Both have good and bad. I prefer AMD right now, and I don't see myself buying Intel for any reason in the next five years. AMD is in the lead, but I in the next five years, could a RISC chip be equally in the lead? Maybe.
Ryzen seem pretty good in the laptops these days, just as much in the desktops. Why are so many laptops Intel? Don't those sales topple desktops right now?
Maybe people just need to be more familiar with red stickers on the lap
Server-Wise, AMD is Cheaper (Score:3)
If you think that RAM isn't a big deal, then please make arrangements to send me a MB/RAM/CPU combo, to my sig. I need, absolutely need 256GB of RAM, want 512GB or better for doing OpenFoam Computation Fluid Dynamics tests on a home-spun car body. If I had 1-2 TB of RAM, that would get the unbiased mesh down about 1mm, which is at the point of diminishing returns.

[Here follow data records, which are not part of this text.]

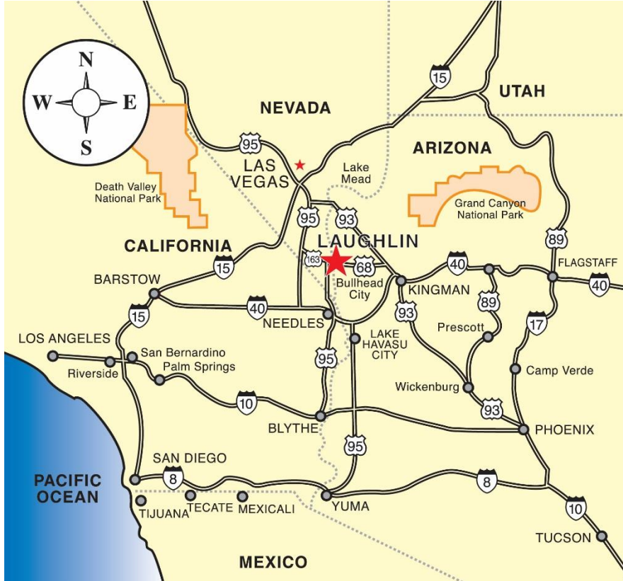
General Laughlin Area Map
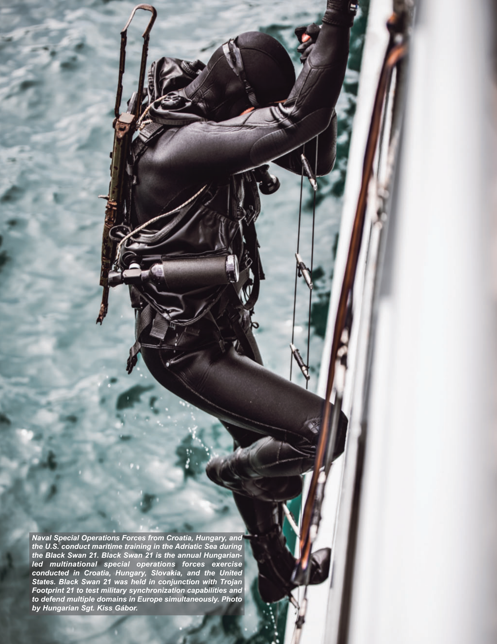
Naval Special Operations Forces from Croatia, Hungary, and the U.S. conduct maritime training in the Adriatic Sea during the Black Swan 21. Black Swan 21 is the annual Hungarian-led multinational special operations forces exercise conducted in Croatia, Hungary, Slovakia, and the United States. Black Swan 21 was held in conjunction with Trojan Footprint 21 to test military synchronization capabilities and to defend multiple domains in Europe simultaneously.
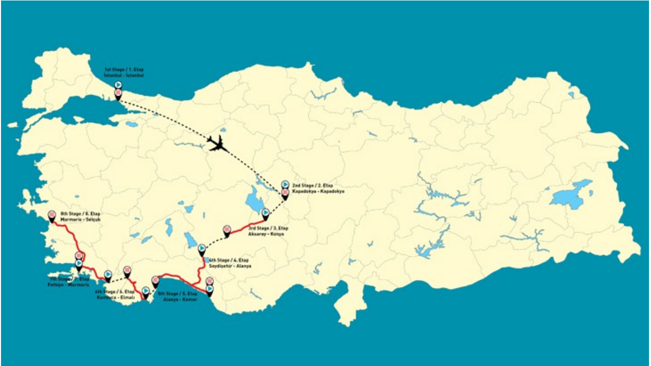
Stages of the Tour 2016

Created in 1968, but annually organized since 1998, the Tour of Turkey keeps growing in the international calendar (HC race from 2008). Like the Tour of Croatia, it's conceived as a touristic show-case : the seaside resorts and the archeological sites are landmarks on the route and the broadcast emphasizes them with numerous extreme wide shots. In late April, a lot of potential tourists are in search of vacation ideas and attractive summer holidays destinations. What about a future finish on the Trojan Hill ?
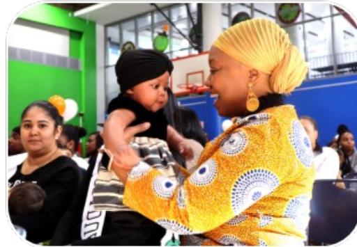
GRADS Early Head Start
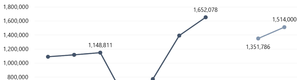
LIR Passenger Traffic Far Surpasses 2019 Level and Continues to Grow
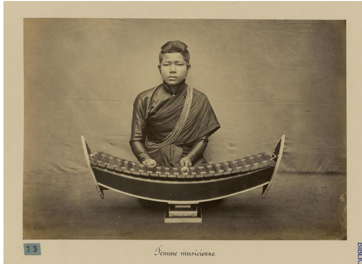
Plate-3 Roneat dek : A metaloph- one of brass keys

Plate-1 Roneat ek : The lead xylophone with bamboo or teak wood keys

Re:Server-Wise, AMD is Cheaper (Score:4, Informative)
Intel:
- Sandy Bridge then Ivy Bridge [LGA2011]
- Haswell then Broadwell [LGA2011-3]
- Sky Lake then Cascade Lake [LGA3647]
- Cooper Lake then Ice Lake [LDA4189]
- Sapphire Rapids then Emerald Rapids [LGA4677]
AMD:
- Opteron/Bulldozer [G34 - ZIF1944]
- Zen, Rome, Milan [SP3 - ZIF4094]
- Genoa, Bergamo, Turin [SP5 - ZIF6096]
If you're talking about support for O(1TB) of memory, I assume you're referring to server parts because until pretty recently even most server motherboards didn't implement enough physical memory address lines to support 1TB.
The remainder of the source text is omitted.